▸ **Exercise instructions**:
Please write out exactly the lines of the data below from the line holding "HUAWEI「P20 lite」が75%オフ! 楽天スーパーSALEでスマホ12機種が台数限定割引" through the line holding "Meeting category insights", and leave out the rest.

▸ **Records supplied**:

*** Begin section ***

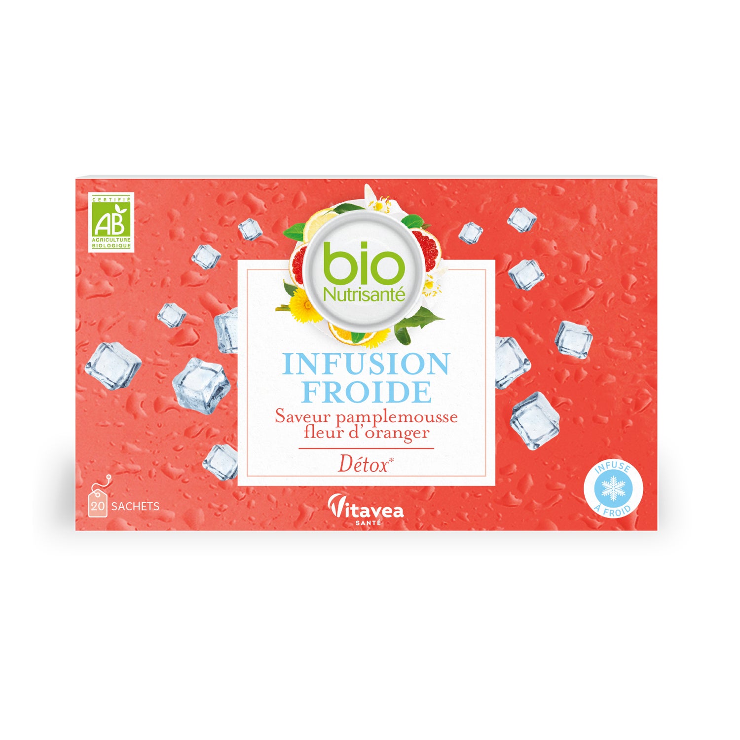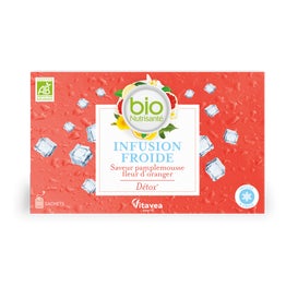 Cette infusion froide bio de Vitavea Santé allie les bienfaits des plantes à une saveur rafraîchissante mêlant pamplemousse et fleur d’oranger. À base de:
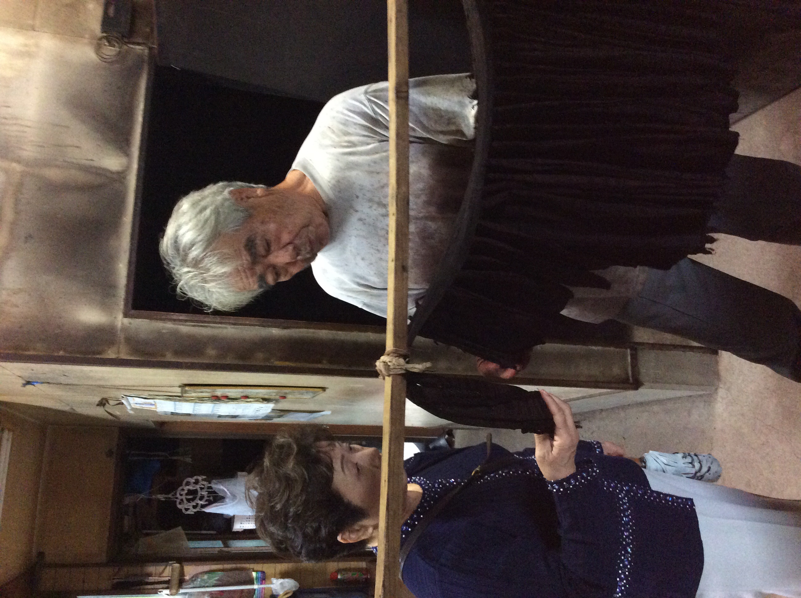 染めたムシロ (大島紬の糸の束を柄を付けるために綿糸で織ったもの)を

*** End section ***
*** Begin section ***

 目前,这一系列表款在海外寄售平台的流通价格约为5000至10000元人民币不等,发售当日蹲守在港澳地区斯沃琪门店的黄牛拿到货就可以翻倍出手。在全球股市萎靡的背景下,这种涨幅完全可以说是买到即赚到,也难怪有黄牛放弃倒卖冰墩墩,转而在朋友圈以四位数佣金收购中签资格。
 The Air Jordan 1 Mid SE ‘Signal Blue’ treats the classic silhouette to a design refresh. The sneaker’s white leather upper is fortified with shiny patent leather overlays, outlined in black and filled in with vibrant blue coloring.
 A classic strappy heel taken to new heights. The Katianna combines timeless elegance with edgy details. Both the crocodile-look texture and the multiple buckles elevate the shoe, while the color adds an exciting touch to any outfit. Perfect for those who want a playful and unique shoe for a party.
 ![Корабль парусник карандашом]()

*** End section ***
*** Begin section ***

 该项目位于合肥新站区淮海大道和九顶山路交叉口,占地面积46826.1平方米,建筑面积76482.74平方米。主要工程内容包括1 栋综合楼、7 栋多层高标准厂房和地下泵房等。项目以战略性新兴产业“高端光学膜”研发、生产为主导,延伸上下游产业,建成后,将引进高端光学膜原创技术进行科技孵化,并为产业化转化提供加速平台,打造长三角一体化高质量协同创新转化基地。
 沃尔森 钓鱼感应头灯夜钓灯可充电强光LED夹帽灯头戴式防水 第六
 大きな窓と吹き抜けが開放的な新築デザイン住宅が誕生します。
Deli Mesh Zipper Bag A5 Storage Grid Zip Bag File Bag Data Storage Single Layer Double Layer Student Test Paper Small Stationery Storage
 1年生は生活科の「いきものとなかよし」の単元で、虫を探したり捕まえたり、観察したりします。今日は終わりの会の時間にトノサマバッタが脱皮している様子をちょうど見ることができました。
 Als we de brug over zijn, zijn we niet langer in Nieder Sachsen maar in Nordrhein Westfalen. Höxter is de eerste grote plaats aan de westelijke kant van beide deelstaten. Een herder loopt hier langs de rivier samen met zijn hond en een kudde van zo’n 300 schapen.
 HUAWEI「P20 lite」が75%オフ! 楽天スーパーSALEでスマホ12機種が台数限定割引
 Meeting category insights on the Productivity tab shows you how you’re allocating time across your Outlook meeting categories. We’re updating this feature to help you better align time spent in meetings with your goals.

*** End section ***

▸ **Worked solution**:
 HUAWEI「P20 lite」が75%オフ! 楽天スーパーSALEでスマホ12機種が台数限定割引
 Meeting category insights on the Productivity tab shows you how you’re allocating time across your Outlook meeting categories. We’re updating this feature to help you better align time spent in meetings with your goals.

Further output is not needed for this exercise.